ICG Link News
Power Outage Sungard - updated
Last Monday, capacitors in the A side of UPS-D burned out. The unit failed over to its B side, which also failed. It was then we learned that our A-B power was more like A-A' power in that we were not really on two separate power systems, but on the A and B sides of UPS-D. We immediately had Sungard run power from another UPS and restore B power to us. About the time they completed the installation of our new B power from the separate UPS, UPS-D came back on line, (in non-redundant mode) providing us with A power. At that time Sungard began repairing UPS-D one side at a time in order to try to avoid further outages. Our setup since then has been that we have had A-B power, one of them being the crippled UPS-D running in non-redundant mode. Since then, power from UPS-D has failed twice for a few seconds each time. The second time was at 3am Sunday morning when after completing repairs to both sides of the unit, Sungard tried to bring it back on line in fully redundant mode. An issue in the communications software that talks between the two sides of the UPS caused an outage and they went back to non-redundant mode. All the while, we have had the new UPS providing our B power, so machines using A-B power in our cabinets (including all ICG LInk hosting and mail clients) were not effected by the two failures of UPS-D since Monday. Sungard has completed installation of new whips from other UPS systems in the data center in order to switch all customers off UPS-D before they upgrade the software and try another restoration to redundant mode.

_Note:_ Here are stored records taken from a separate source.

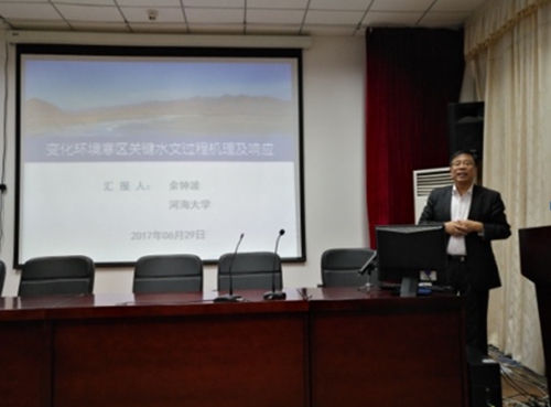 报告题目是变化环境寒区关键水文过程机理及响应。余教授主要从寒区关键水文过程机理及响应的立项背景;研究目标,研究内容与关键问题;研究方案,技术路线与研究特色等三个方面对青藏高原寒区冻土退化趋势,寒区水文实验模型研究,在高寒地区其变化环境对水文机理、水文模型研究建设所面临的挑战和难点等方面给我院师生做了较详细地阐述。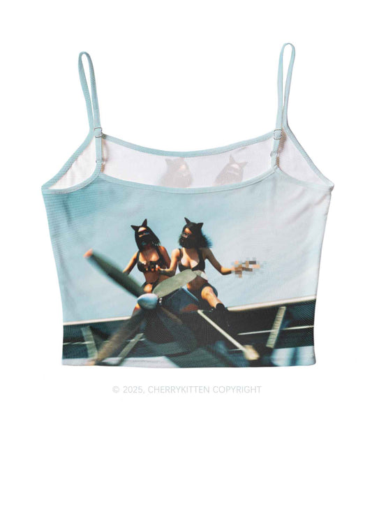Girls Airplane Race Y2K Mesh Cami Tank Cherrykitten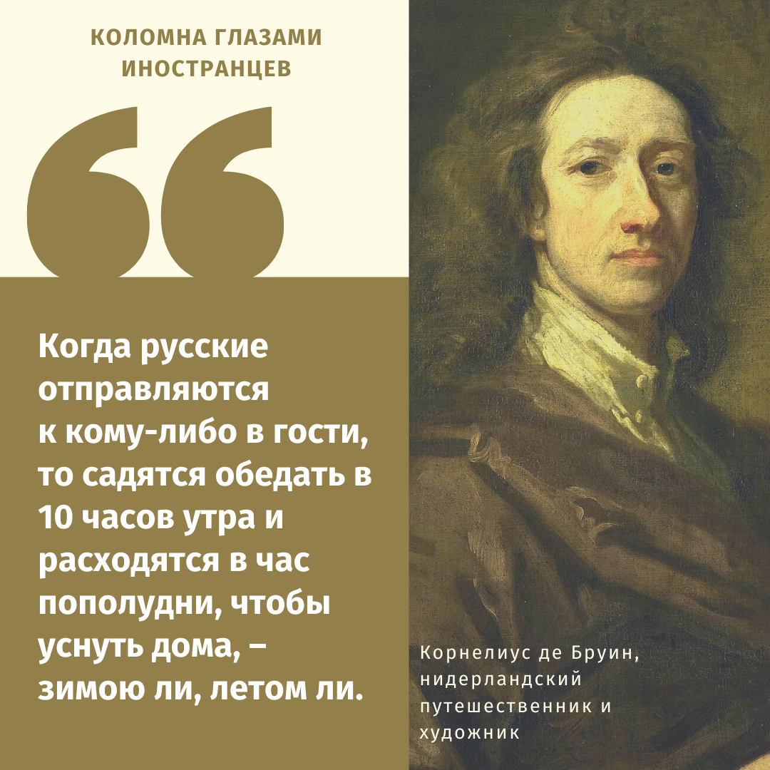 В ходе своего путешествия он целых ТРИ раза проезжал через Коломну (первый раз на санях зимой, сопровождая Петра I до Воронежа, второй раз - возвращаясь обратно в Москву, третий - по реке на судне, по пути в Персию) - 1703 год. (см.картинку 2) на картинке 3 можно посмотреть маршрут его пешей прогулки по Коломенскому кремлю. Через парадные Пятницкие ворота, до Соборной площади и далее вниз к Косым воротам. Кремль на тот период времени уже ветшал, поэтому не все стены были в идеальном состоянии. Также, де Бруин не дошёл до Ивановских ворот, указав просто, что ворот в кремле всего 2. на картинке 4 представлен вид на сквер "Блюдечко" (панорама с места, где стояли Косые ворота) Именно там, на Блюдечке, с древнейшего участка Коломенского кремля, началась история Коломны, что подтверждают археологические раскопки, произведенные в прошлом столетии. Здесь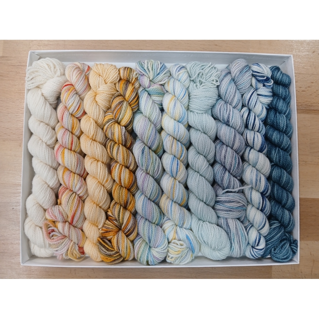 A Pencil Box, features 10 different colours in 25g skeins, specially curated by the women at Koigu. There are many ways that one can utilise the 250g, whether that be as a project, trim, to add little bits of extra colour or further variation of colour.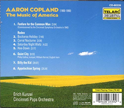 Amazon.com When it comes to light, folk-flavored listening, the music of Aaron Copland is some of the best and most popular. When it comes to crowd-pleasing conducting, Erich Kunzel is one of the great successes. This album contains most of Copland's essential compositions, in all or part: "Fanfare for the Common Man," four movements from "Rodeo," "Quiet City," "Billy the Kid," and "Appalachian Spring." All are performed in fine form; it would be nice to have all of "Rodeo," but this is otherwise all the Copland that most folks will need, and in one package. --Sarah Bryan Miller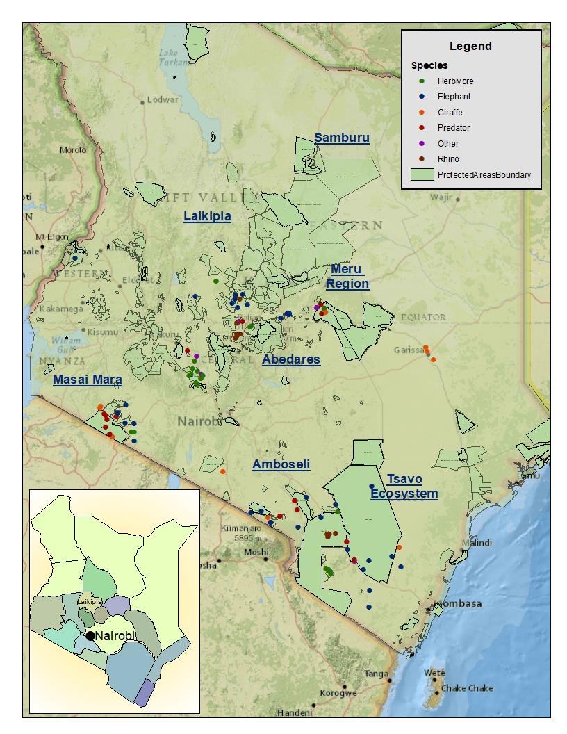 SWT/KWS Mara Mobile Vet Unit Treatment Locations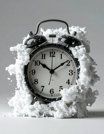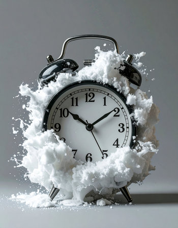 A classic alarm clock is captured in a surreal moment, partially submerged in a mysterious white foam.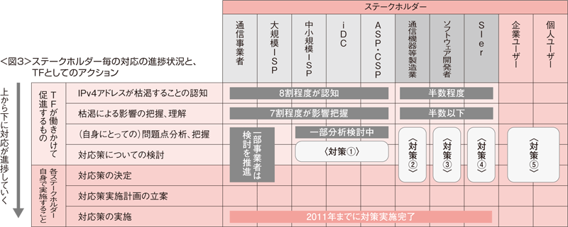 前述のような現状把握に基づいて、ステークホルダー毎の対応進捗状況と、今後TFあるいはJPNICとして実施すべき取り組みを示したのが、図3です。

Tonight after 6pm, we will be unplugging the power strip fed by UPS-D and plugging it into the newly installed whip. While no ICG Link hosted clients will be effected, any co-located machines on single power will be experience a power outage, which will have a duration of less than a minute.
ORIGINAL POST 07.11.2011:
PROBLEM: We have long had redundant power at our Nashville Sungard data center. Today, capacitors burned out in one of our UPS systems and it successfully failed over to the backup system. A currently unknown fault in the second unit caused it to be shut down effecting a significant portion of the data center including us.
SHORT TERM SOLUTION: We were able to temporarily run power from another UPS to our systems in order to restore power, but running new power was a time consuming effort resulting in the outage experienced today. The UPS systems will take at least a day to be restored to normal operations.
LONG TERM SOLUTION: We have already purchased and partially delivered equipment to a newly contracted secondary data center in Atlanta. That facility will be fully provisioned as a disaster recovery location within 30 days. Had this event occurred 30 days from now, there would have been no effect on customers.
A full report on what happened and what will be done to avoid it in the future will be forthcoming when Sungard reports to us.